--- START ---
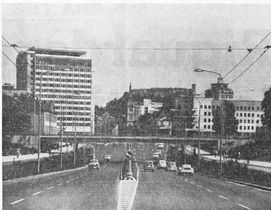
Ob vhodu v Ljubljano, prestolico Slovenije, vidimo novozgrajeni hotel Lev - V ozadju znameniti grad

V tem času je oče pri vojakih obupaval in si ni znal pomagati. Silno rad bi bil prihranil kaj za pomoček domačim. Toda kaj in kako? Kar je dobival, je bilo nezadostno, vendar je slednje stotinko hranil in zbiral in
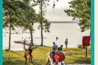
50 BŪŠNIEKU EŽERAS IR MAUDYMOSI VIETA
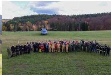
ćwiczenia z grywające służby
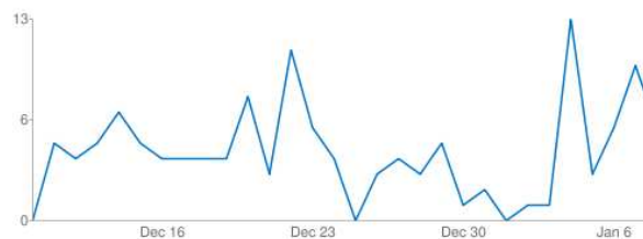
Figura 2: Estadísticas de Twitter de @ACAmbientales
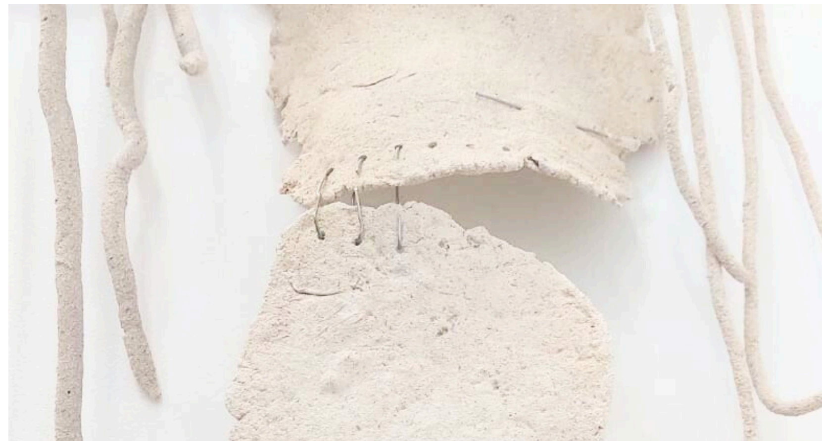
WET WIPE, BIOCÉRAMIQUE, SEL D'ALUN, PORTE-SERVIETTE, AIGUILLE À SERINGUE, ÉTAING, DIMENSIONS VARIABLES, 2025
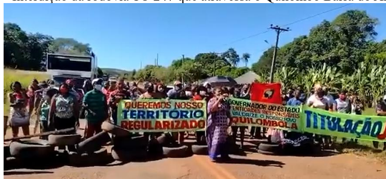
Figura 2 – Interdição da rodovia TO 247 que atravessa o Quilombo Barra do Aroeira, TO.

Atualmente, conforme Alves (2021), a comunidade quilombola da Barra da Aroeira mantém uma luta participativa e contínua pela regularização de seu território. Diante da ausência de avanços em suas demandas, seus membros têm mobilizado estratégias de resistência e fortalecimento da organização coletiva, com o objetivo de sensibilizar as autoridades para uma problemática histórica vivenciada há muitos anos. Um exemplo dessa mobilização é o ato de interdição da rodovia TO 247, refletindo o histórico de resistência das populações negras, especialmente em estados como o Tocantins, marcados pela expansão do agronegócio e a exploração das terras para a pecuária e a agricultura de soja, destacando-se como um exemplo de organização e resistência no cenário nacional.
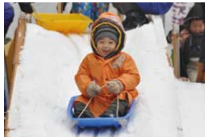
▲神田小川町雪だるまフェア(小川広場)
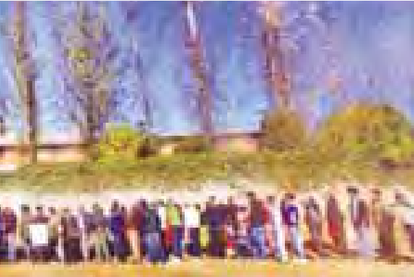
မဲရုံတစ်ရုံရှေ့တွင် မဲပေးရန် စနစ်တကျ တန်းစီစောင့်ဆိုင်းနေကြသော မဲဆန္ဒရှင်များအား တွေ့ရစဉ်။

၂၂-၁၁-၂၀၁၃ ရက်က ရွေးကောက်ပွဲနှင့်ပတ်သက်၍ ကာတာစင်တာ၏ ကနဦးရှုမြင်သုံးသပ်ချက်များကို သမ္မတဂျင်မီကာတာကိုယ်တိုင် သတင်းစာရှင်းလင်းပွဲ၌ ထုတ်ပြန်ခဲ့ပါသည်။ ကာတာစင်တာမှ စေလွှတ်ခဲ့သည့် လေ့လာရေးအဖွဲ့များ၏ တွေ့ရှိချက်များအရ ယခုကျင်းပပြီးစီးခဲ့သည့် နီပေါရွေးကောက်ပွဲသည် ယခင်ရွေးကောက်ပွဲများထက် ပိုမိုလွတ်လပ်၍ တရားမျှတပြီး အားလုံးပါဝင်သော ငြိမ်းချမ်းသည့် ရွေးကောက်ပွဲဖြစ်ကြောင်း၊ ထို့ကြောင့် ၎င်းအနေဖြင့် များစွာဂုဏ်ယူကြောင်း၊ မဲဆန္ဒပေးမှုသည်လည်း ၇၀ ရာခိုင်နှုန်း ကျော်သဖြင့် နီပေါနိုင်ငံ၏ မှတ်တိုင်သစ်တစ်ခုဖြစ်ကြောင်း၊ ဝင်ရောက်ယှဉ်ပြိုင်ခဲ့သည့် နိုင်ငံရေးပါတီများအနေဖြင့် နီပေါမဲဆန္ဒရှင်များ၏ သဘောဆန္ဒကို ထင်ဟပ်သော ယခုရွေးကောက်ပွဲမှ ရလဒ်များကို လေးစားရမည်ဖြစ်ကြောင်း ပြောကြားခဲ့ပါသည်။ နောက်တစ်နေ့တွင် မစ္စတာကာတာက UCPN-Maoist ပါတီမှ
--- END ---
--- START ---
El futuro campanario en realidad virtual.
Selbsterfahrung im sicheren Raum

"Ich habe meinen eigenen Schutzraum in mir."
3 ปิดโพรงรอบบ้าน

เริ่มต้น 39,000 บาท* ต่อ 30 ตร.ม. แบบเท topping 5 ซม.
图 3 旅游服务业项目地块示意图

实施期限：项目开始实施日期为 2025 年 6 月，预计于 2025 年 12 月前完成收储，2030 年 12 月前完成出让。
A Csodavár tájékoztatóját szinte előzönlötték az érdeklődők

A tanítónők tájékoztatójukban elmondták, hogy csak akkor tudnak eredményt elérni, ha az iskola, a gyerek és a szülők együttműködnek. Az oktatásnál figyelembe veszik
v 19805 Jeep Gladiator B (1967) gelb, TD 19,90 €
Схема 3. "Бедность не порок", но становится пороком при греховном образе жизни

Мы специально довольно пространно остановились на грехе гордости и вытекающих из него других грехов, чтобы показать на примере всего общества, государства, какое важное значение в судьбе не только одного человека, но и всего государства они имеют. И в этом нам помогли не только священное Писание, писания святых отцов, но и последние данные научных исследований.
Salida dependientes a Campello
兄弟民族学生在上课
--- END ---
For this exercise, transcribe exactly the part of the records above that opens with the line containing "Ob vhodu v Ljubljano, prestolico" and closes with the one containing "Figura 2 – Interdição". Pictures are not part of the copy.

[FINISHED EXERCISE]
Ob vhodu v Ljubljano, prestolico Slovenije, vidimo novozgrajeni hotel Lev - V ozadju znameniti grad

V tem času je oče pri vojakih obupaval in si ni znal pomagati. Silno rad bi bil prihranil kaj za pomoček domačim. Toda kaj in kako? Kar je dobival, je bilo nezadostno, vendar je slednje stotinko hranil in zbiral in
50 BŪŠNIEKU EŽERAS IR MAUDYMOSI VIETA
ćwiczenia z grywające służby
Figura 2: Estadísticas de Twitter de @ACAmbientales
WET WIPE, BIOCÉRAMIQUE, SEL D'ALUN, PORTE-SERVIETTE, AIGUILLE À SERINGUE, ÉTAING, DIMENSIONS VARIABLES, 2025
Figura 2 – Interdição da rodovia TO 247 que atravessa o Quilombo Barra do Aroeira, TO.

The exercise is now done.